OBJECTIVES: Idiopathic pulmonary fibrosis (IPF) is a chronic and debilitating disease with poor long-term prognosis and survival. When assessing the long-term effectiveness and cost-effectiveness of IPF treatments, it is necessary to model long-term survival since most patients are alive at the end of clinical trials. This study assessed the feasibility of modeling long-term survival in IPF using patient-level simulation based on IPF-specific mortality risk prediction models.

METHODS: We developed a patient-level simulation model to predict the natural history disease trajectories for patients with IPF based on published estimates of disease progression over time. The model produced patient-level trajectories for key clinical parameters and mortality risk predictors, including percent predicted forced vital capacity, percent predicted diffusing capacity of the lungs for carbon monoxide, 6-minute walk distance, and history of respiratory hospitalization, in 6-month increments over a lifetime time horizon. Mortality was estimated from patients’ disease trajectories using three different mortality risk prediction models: Gender-Age-Physiology (GAP), longitudinal GAP, and du Bois et al. Survival estimates were compared to long-term survival data from published trials and observational studies.
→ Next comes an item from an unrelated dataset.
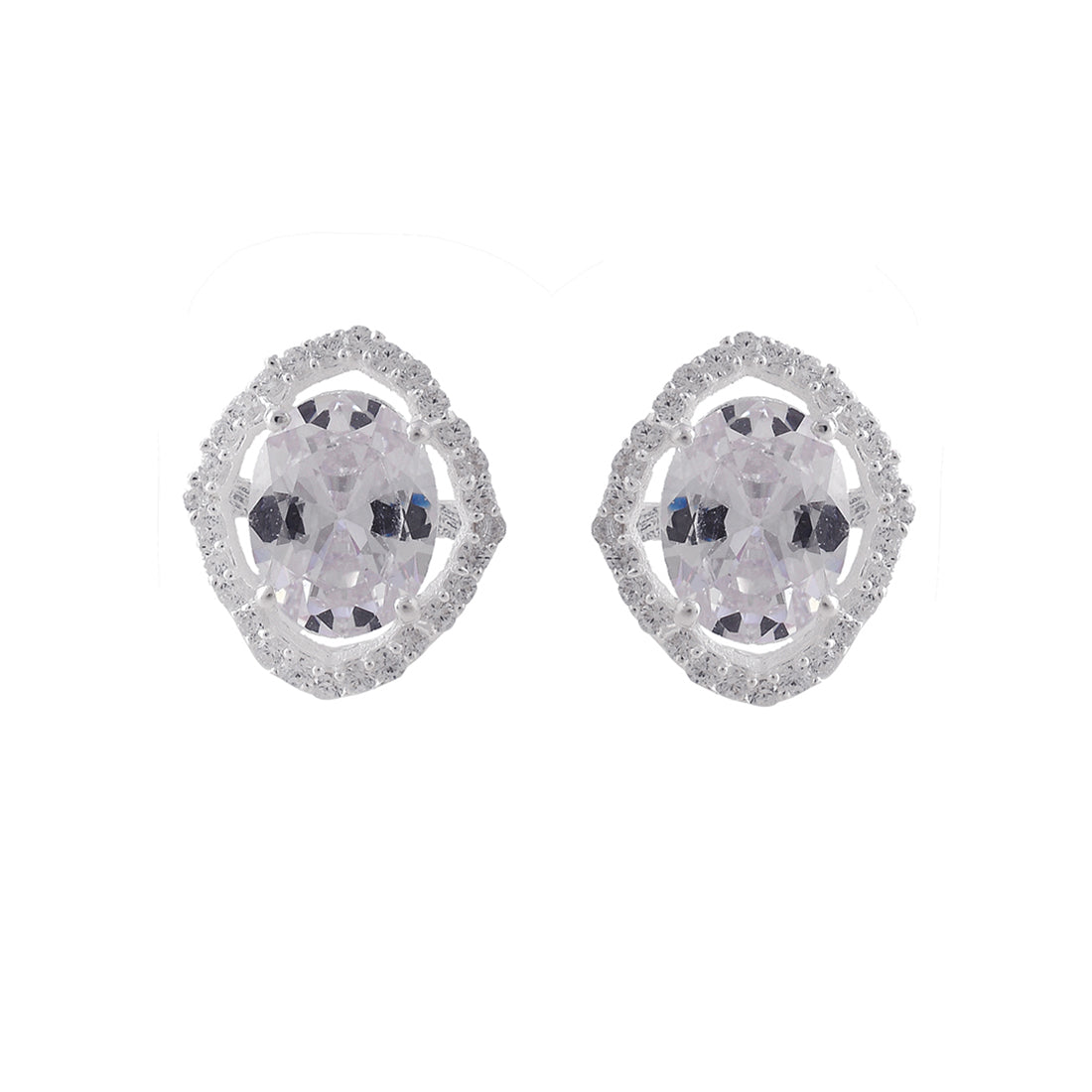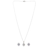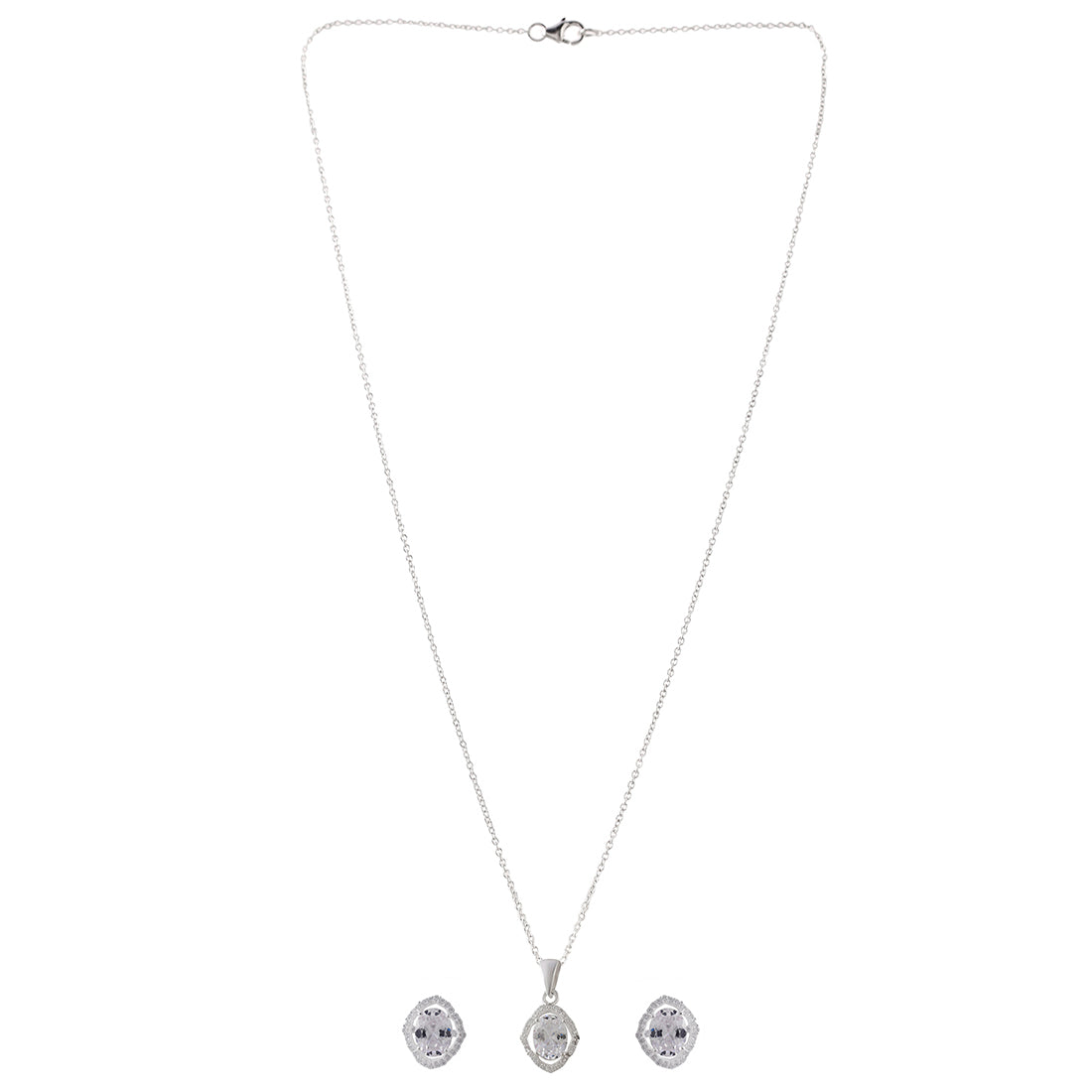 A lovely 925 sterling silver pendant set with white rhodium plating. The earrings and pendant (with chain) have been embellished with oval cut white zirconia gems. Pair with any of your favourite outfits.
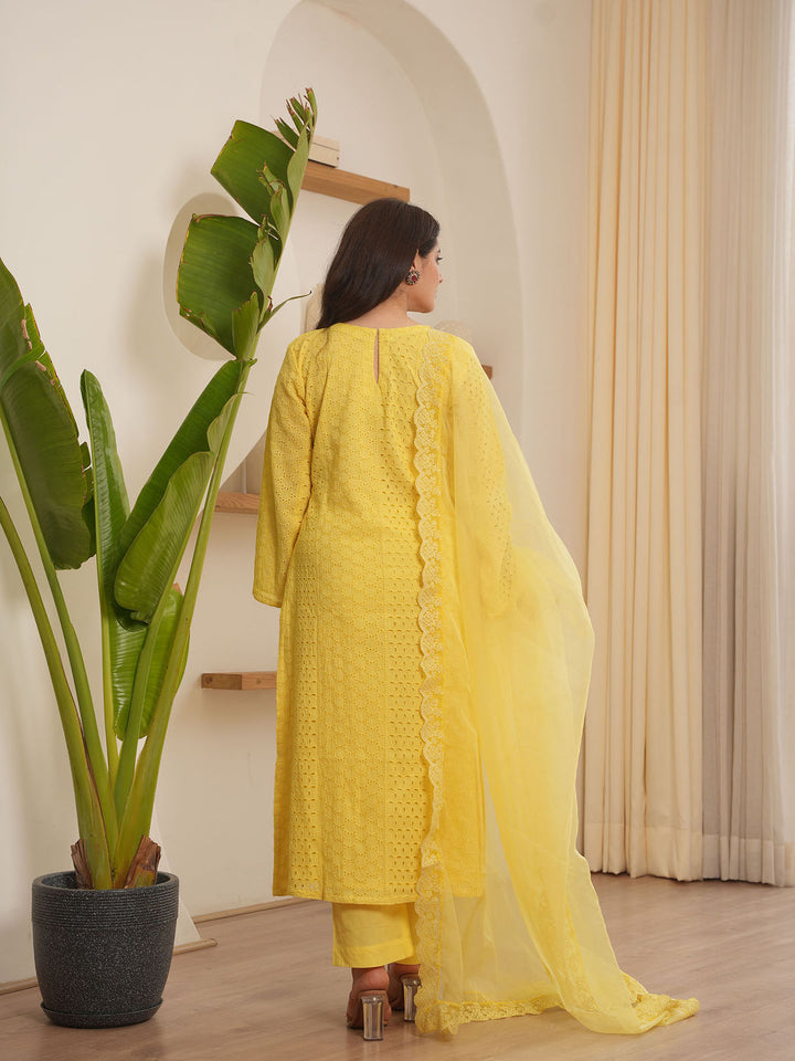 Josie Yellow Schiffli Straight Kurta with Pant and Dupatta (Set of 3)

RESULTS: The predicted 2-, 5-, and 10-year predicted survival rates were 49%-86%, 14%-62%, and 1%-31%, respectively, with the highest estimates produced by the longitudinal GAP model and the lowest by the du Bois et al. model. Results also varied across the different GAP and longitudinal GAP model specifications (calculator, categorical or point index versions). Despite the considerable variation in long-term survival predictions, estimates lie within the wide range of long-term survival data from published clinical and observational studies.

CONCLUSIONS: Patient-level simulation informed by disease progression trajectories and mortality risk prediction models is a viable approach for predicting long-term survival in IPF. Further investigation and validation of long-term disease progression and mortality risk predictions are needed to increase the confidence in this modeling approach for use in health technology assessment.